Маритен Жак
Шрифт:
Природа требует, чтобы среди людей осуществлялось наистрожайшее равенство, так что во всяком политическом устройстве, которое не будет прямо противно Природе и ее Творцу, абсолютное социальное равенство как раз и исправит естественное неравенство.
Почва для этого мифа о Равенстве — два удивительно грубых софизма.
1. Смешение равенства со справедливостью, разрушающее справедливость. Справедливость [297] действительно предполагает некоторое равенство, но равенство геометрическое, или пропорциональное (с каждым должно обращаться по заслугам), а не арифметическое, или равенство абсолютных величин (обращаться с каждым одинаково независимо от заслуг), так что смешение справедливости с этой второй разновидностью равенства (простым равенством) справедливость именно и разрушает.
[297]
Мы говорим о распределительной справедливости целого к частям (totius ad partes), поскольку только о ней здесь и может идти речь.
2. Смешение (из-за которого становится невозможно установить никакой социальный строй) того, что относится к распределению между частями, и того, что относится к устроению целого.
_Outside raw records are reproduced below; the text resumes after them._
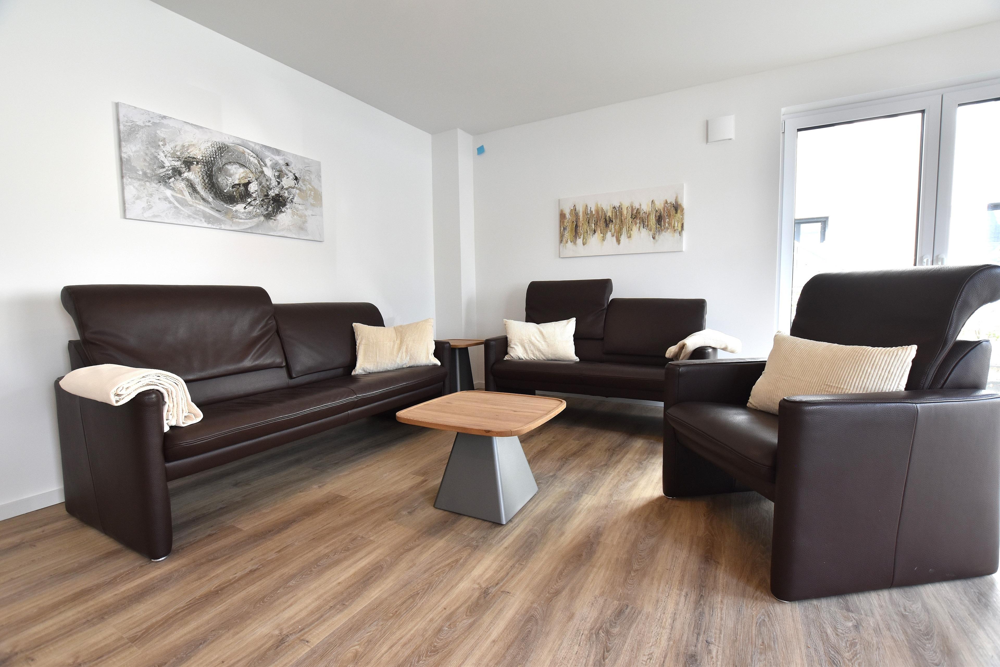 • Sofaecke: Zwei komfortable Ledersessel und ein großer Flachbild-TV (Empfang über Joyn) laden zu entspannten Abenden ein.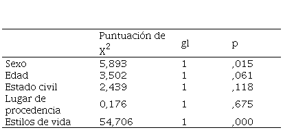 Al análisis bivariado, a partir de la prueba Chi cuadrado, se halló que las variables sexo (p=0,015) y estilos de vida (p=0,000) se relacionaron significativamente con la adherencia al tratamiento antihipertensivo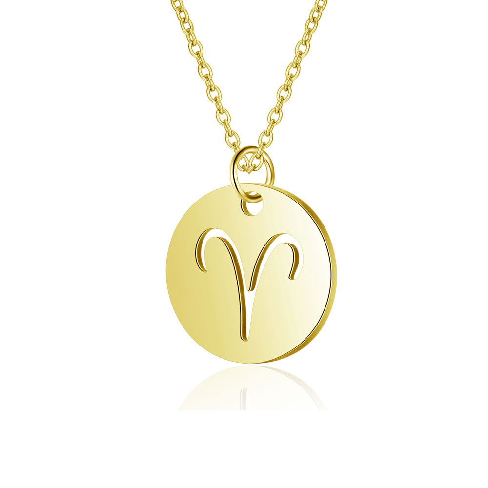 DIY钛钢饰品配件单孔圆形镂空ins不锈钢电镀K金星座项链手链挂件

Св. Фома убедительно говорит об этом, возражая Оригену — метафизическому патриарху эгалитаризма, утверждавшему, будто Бог должен был сотворить все вещи равными (потому что до творения все они равно были ничем), а различие вещей и мироустройство происходят от греха твари. В плане распределения (воздаяния) справедливость осуществляться должна и требует, чтобы равным воздавалось в равной мере, поскольку везде необходимо предполагается такая или иная заслуга, но в плане устроения или первоустроения вещей такое требование справедливости выполняться не должно, потому что здесь нет необходимости принимать во внимание чьи-либо заслуги, а есть лишь действие, приводящее к существованию, задача сотворения целого. «Не погрешает против справедливости художник, помещая в разных местах здания камни, первоначально предполагаемые одинаковыми, и не потому, что он предполагает в них некое предсуществующее различие, но потому, что имеет в виду совершенство целой постройки, которого не могло бы быть, если бы камни не были расположены в здании разнообразно и неравным образом. Так же без несправедливости, однако не предполагая никакого неравенства заслуг, Бог ради совершенства мироздания Премудростью Своею искони создал различные и неравные творения» [298] . Точно так же, даже если предположить гипотетически всех людей равными по достоинству, они ради установления политического строя (а иначе он и не установится) без всякой несправедливости будут размещены по разным сторонам этого строя и, следовательно, будут иметь неравные функции и состояния.
[298]
Ibid., I, 65, 2, ad 3.
4. Задача политики. Миф о Свободе и миф о Равенстве привели Руссо к тому, чтобы сформулировать задачу политики полностью, до абсурда утопическим образом. Как создать общество из индивидуумов, которые все совершенно «свободны» и «равны»? Как, пользуясь формулировками самого Руссо, привести в согласие людей (какими их желает видеть Природа) и законы (какими их требует общественный строй)? Как «найти форму ассоциации… в которой каждый, соединясь со всеми, в то же время повиновался бы лишь себе самому и оставался бы таким же свободным, как и прежде»?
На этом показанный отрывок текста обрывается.